Nearly 20 manufacturers, including Lilly, implemented restrictions. The government then escalated the matter by sending letters to several companies and threatening them with fines. The manufacturers filed suit in response.

“Why don’t they want effective oversight of this program that Congress set forth in the ADR process?” asked Chad Golder, deputy counsel at the American Hospital Association. “It kind of seems like they don’t want any of this to work. They’d rather criticize it.”

Several providers accused drug companies of “taking the law into their own hands” and some suggested redefining overcharge to not just refer to charging more than the ceiling price of a 340B drug but also include the refusal to sell the drug altogether.

However, the US Court of Appeals for the Third Circuit in February issued an opinion in one of several cases that is in federal court about imposing restriction on 340B drugs: The government can’t take enforcement action against a manufacturer and to do so is overstepping its bounds.
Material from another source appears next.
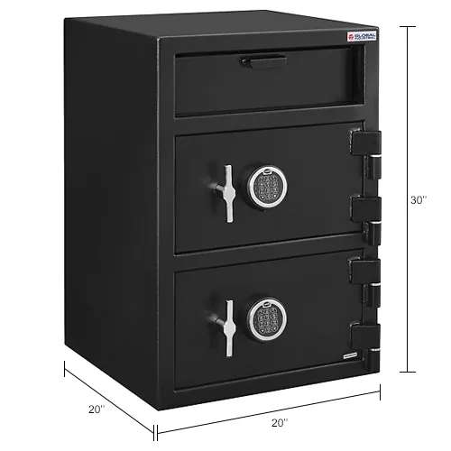 The 3.6 cu. ft. Global Industrial™ Front-Loading B-Rate Depository Safe offers a convenient way to collect and protect deposited money and valuables from theft and robbery. The drop door connects to the top front-loading door to allow deposits without accessing the safe, with a lower, unconnected compartment serving as a separate, isolated safe to restrict access even further. It is ideal for commercial use, like retail, gas stations & convenience stores, where cash deposits from registers are frequent. This model features two electronic digital locks that allows for multiple combinations with a lockout mode if codes are entered incorrectly, with keyed backup entry in the event of a battery failure. Each lock is keyed different for maximum protection.

It is unlikely the HHS will pick another fight with manufacturers over denying 340B pricing to contract pharmacies. “It would immediately be subject to litigation, and it is also such a significant change from what they have proposed that I don’t think that they would be able to finalize that in a final rule,” said Cook.

A Long Process

Providers also sought to eliminate the proposed “suspension” of the ADR process when similar claims are being litigated in federal court.

AHA said the judicial process can take years, and suspending claims would undermine the purpose of the ADR process as the only platform for 340B providers to seek relief.

However, a federal court’s decision could eventually overrule an ADR panel’s decision, making the panel’s decision moot.

Some of the decisions that the federal courts are making boiled down to the fact that there has been a painfully long wait for an ADR process, Cook said.

The agency wouldn’t comment on how much longer a final rule could take. “HRSA is in the process of reviewing the comments received and taking next steps in the rule making process,” the agency said in an email statement.